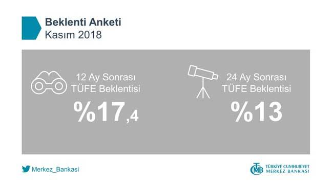2018 yılı Kasım ayı için tüketici enflasyonu (TÜFE) beklentisi bir önceki anket döneminde yüzde 1,31 iken, bu anket döneminde yüzde 0,88 olmuştur. Aralık ayı TÜFE beklentisi aynı anket dönemlerinde sırasıyla yüzde 0,98 ve yüzde 0,77 olmuştur. 2019 yılı Ocak ayı TÜFE beklentisi ise yüzde 1,71 olarak gerçekleşmiştir.
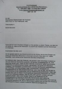 Unser leider vor ein paar Monaten verstorbene Studienkollege Gustav Starzmann hatte in seiner Funktion als Abgeordneter des Bayerischen Landtags und Mitglied des Landesdenkmalrats die Massnahme in einem Schreiben im Jahre 2007 an den damaligen Finanzminister Faltlhauser angeregt.
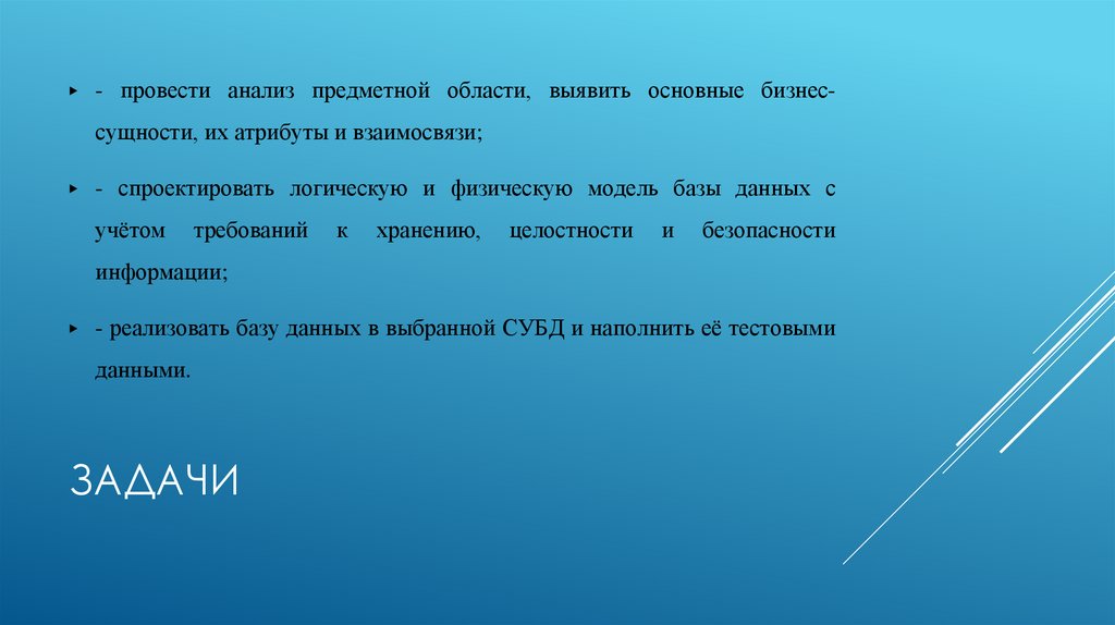 ▶- провести анализ предметной области, выявить основные бизнессущности, их атрибуты и взаимосвязи;
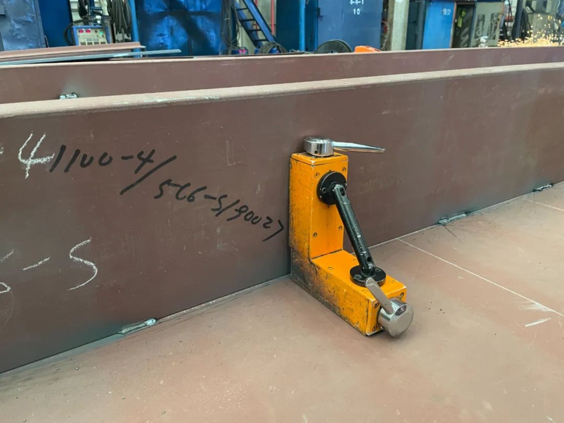 無碼工裝的使用,一直是提高配質量和生產效率的有效手段。分段部通過磁力壓碼、磁力頂碼的使用,利用磁力支架,方便對甲板型材、T型材等結構垂直度進行調整,實現拼板、甲板型材、T型材等結構的無碼裝配,節(jié)省了后續(xù)割、補、磨等無效工時,同時避免外板點焊及過度打磨留下弧坑,有效提升分段外板和整船船體外觀質量。
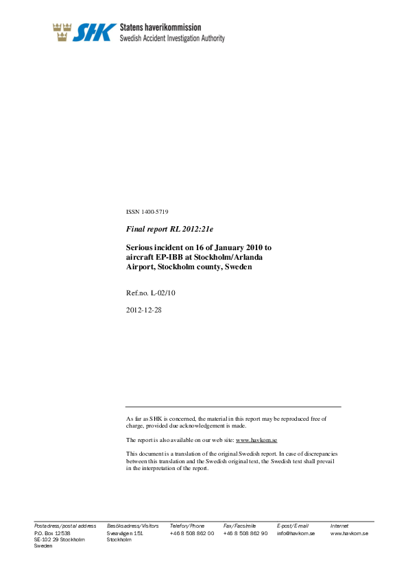 Final report RL 2012:21e, A306 Runway excursion, Stockholm Seden, 16 Jan 2010
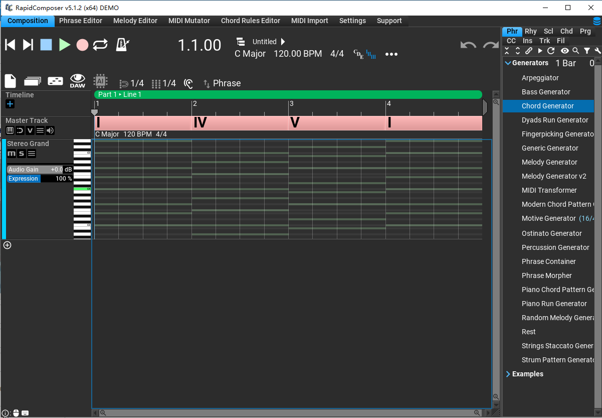 6、包括的乐句生成器:琶音器,低音生成器,和弦生成器,Dyads Run,生成器,FingERPicking生成器,Generic生成器,乐句容器,Piano Run生成器,Strings Staccato生成器,Piano Chord Pattern生成器,Strum Pattern生成器,仅在完整版中:Melody发生器,随机旋律发生器,短语变体
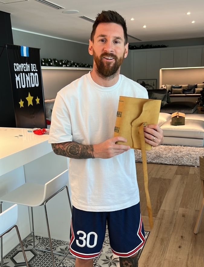 El cuadro central exhibe una camiseta autografiada por Messi, dedicada especialmente a Kentucky, acompañada por las fotografías que documentan su arribo en helicóptero el 27 de diciembre de 2022. Ese día, un sector de la cancha de golf operó como pista de aterrizaje para recibir al capitán argentino y a Ángel Di María, en una escena excepcional, organizada con absoluta precisión.

^^^^^^^^

Copy the records above precisely, and leave every image out of the copy.

* OUTPUT OF THE TASK *
2018 yılı Kasım ayı için tüketici enflasyonu (TÜFE) beklentisi bir önceki anket döneminde yüzde 1,31 iken, bu anket döneminde yüzde 0,88 olmuştur. Aralık ayı TÜFE beklentisi aynı anket dönemlerinde sırasıyla yüzde 0,98 ve yüzde 0,77 olmuştur. 2019 yılı Ocak ayı TÜFE beklentisi ise yüzde 1,71 olarak gerçekleşmiştir.
 Unser leider vor ein paar Monaten verstorbene Studienkollege Gustav Starzmann hatte in seiner Funktion als Abgeordneter des Bayerischen Landtags und Mitglied des Landesdenkmalrats die Massnahme in einem Schreiben im Jahre 2007 an den damaligen Finanzminister Faltlhauser angeregt.
 ▶- провести анализ предметной области, выявить основные бизнессущности, их атрибуты и взаимосвязи;
 無碼工裝的使用,一直是提高配質量和生產效率的有效手段。分段部通過磁力壓碼、磁力頂碼的使用,利用磁力支架,方便對甲板型材、T型材等結構垂直度進行調整,實現拼板、甲板型材、T型材等結構的無碼裝配,節(jié)省了后續(xù)割、補、磨等無效工時,同時避免外板點焊及過度打磨留下弧坑,有效提升分段外板和整船船體外觀質量。
 Final report RL 2012:21e, A306 Runway excursion, Stockholm Seden, 16 Jan 2010
 6、包括的乐句生成器:琶音器,低音生成器,和弦生成器,Dyads Run,生成器,FingERPicking生成器,Generic生成器,乐句容器,Piano Run生成器,Strings Staccato生成器,Piano Chord Pattern生成器,Strum Pattern生成器,仅在完整版中:Melody发生器,随机旋律发生器,短语变体
 El cuadro central exhibe una camiseta autografiada por Messi, dedicada especialmente a Kentucky, acompañada por las fotografías que documentan su arribo en helicóptero el 27 de diciembre de 2022. Ese día, un sector de la cancha de golf operó como pista de aterrizaje para recibir al capitán argentino y a Ángel Di María, en una escena excepcional, organizada con absoluta precisión.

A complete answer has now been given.